Records to process below:
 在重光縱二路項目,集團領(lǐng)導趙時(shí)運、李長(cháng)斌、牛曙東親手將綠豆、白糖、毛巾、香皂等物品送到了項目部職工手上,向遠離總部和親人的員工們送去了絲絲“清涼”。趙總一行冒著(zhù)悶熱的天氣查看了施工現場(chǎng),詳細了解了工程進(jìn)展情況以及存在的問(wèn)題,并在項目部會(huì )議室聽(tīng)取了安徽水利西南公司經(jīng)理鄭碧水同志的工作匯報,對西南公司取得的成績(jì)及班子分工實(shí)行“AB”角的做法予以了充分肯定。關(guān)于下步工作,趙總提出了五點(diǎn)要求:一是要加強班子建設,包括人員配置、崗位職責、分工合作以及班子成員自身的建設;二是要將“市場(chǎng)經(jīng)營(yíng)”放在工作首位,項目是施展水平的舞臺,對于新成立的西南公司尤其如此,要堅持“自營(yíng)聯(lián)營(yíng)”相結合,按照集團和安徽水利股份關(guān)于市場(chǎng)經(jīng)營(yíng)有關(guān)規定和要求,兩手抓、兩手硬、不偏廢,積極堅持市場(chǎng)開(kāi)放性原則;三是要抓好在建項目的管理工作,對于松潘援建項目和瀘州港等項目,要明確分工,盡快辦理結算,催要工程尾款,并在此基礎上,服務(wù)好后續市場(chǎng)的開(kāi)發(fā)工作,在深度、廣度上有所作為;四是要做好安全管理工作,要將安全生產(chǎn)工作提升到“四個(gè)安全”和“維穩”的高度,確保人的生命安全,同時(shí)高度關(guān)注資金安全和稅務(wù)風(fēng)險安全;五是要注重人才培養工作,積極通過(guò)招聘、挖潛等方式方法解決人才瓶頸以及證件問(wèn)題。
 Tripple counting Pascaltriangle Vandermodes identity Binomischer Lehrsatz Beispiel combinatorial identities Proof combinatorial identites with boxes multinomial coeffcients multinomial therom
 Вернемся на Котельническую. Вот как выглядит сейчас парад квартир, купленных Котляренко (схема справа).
End of Records to process.
Records to process below:
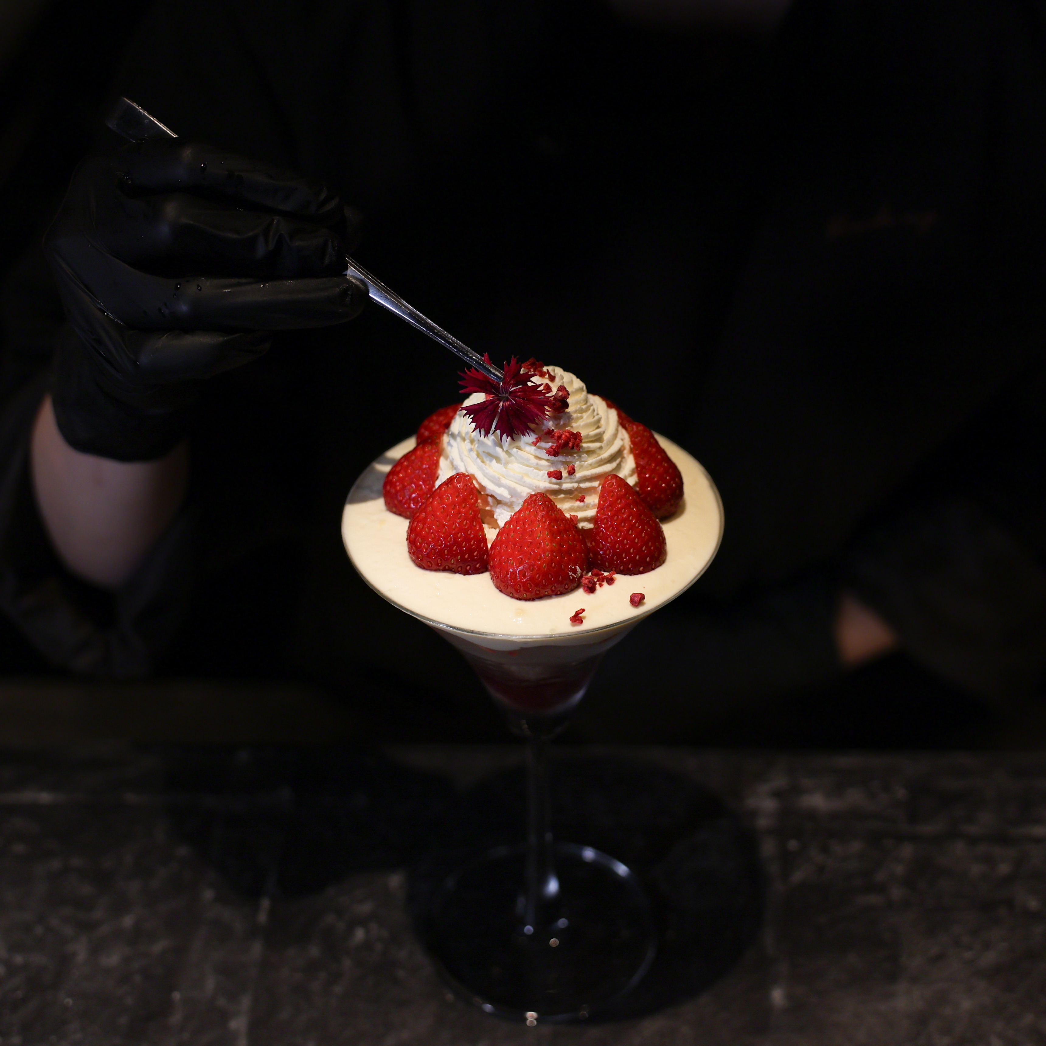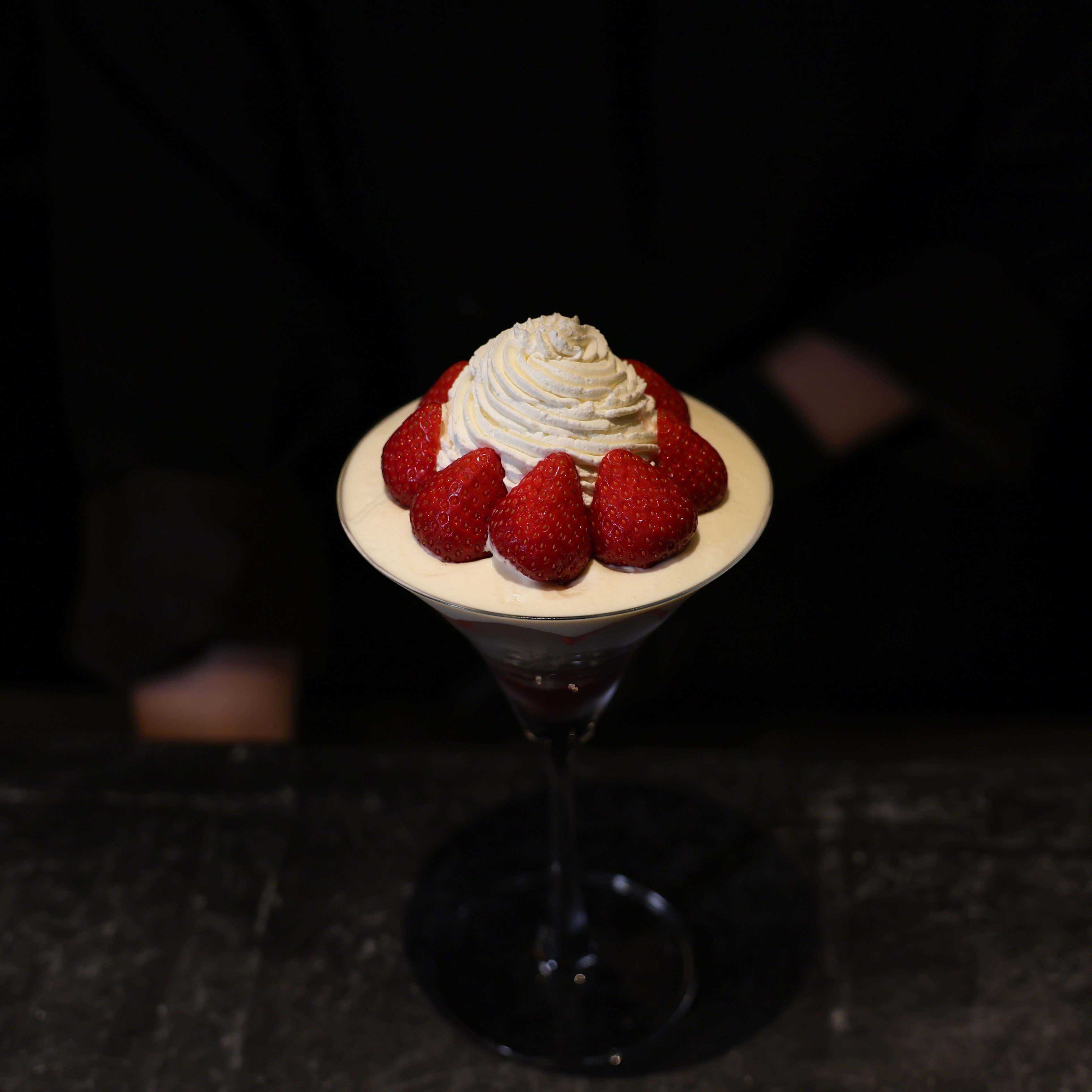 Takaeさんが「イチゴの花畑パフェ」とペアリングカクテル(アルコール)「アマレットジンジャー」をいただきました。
End of Records to process.
Records to process below:
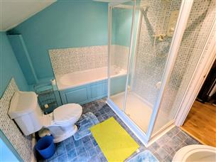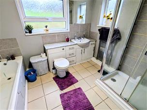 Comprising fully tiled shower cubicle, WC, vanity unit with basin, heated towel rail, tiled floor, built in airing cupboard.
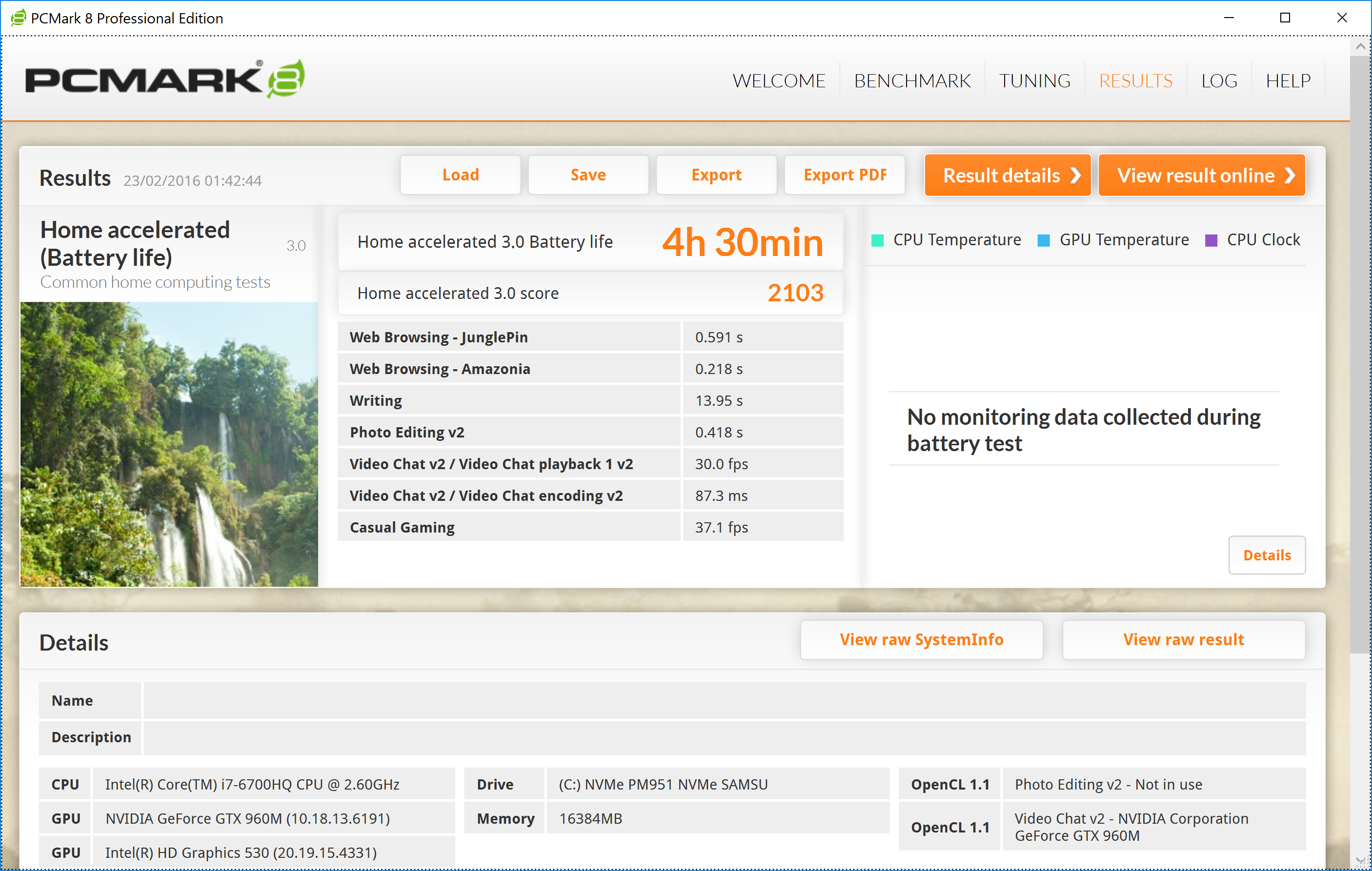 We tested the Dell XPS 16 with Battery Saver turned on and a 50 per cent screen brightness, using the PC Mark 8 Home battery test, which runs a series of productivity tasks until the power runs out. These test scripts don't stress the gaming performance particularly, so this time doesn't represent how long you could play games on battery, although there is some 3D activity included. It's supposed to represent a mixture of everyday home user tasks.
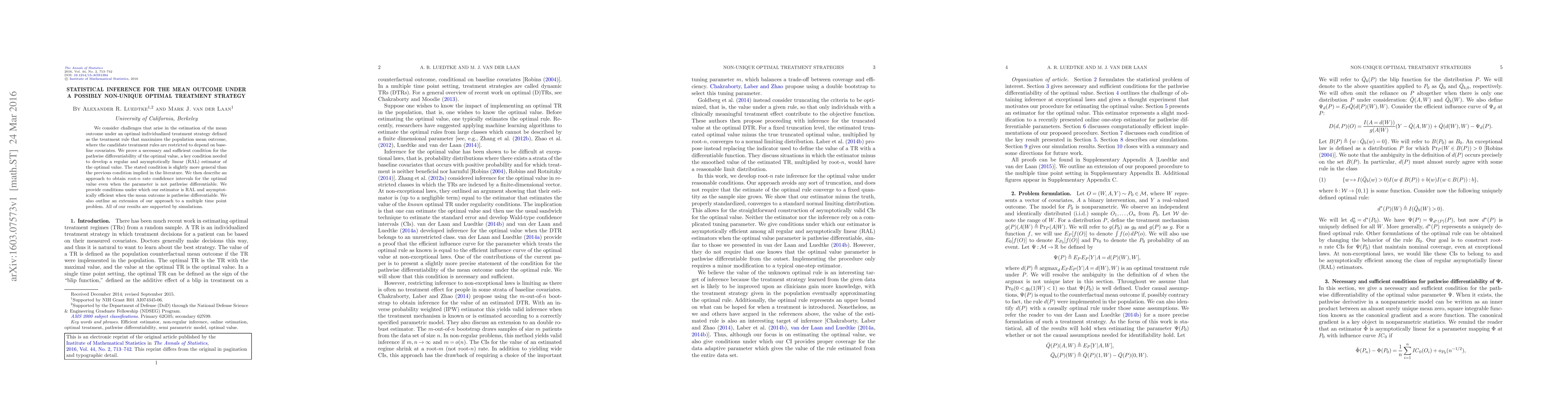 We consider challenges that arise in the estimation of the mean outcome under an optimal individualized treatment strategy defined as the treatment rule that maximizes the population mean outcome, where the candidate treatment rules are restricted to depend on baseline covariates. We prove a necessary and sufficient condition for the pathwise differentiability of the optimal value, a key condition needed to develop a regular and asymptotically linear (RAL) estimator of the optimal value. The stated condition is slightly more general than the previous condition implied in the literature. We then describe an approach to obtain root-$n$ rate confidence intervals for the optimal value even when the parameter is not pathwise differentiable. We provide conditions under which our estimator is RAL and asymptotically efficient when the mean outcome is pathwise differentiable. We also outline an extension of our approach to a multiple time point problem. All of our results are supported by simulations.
End of Records to process.
Work order: Write out exactly the lines that fall from the line with "Tripple counting Pascaltriangle" to the line with "Вернемся на Котельническую." in the records above, keeping both ends.

Solution below:
 Tripple counting Pascaltriangle Vandermodes identity Binomischer Lehrsatz Beispiel combinatorial identities Proof combinatorial identites with boxes multinomial coeffcients multinomial therom
 Вернемся на Котельническую. Вот как выглядит сейчас парад квартир, купленных Котляренко (схема справа).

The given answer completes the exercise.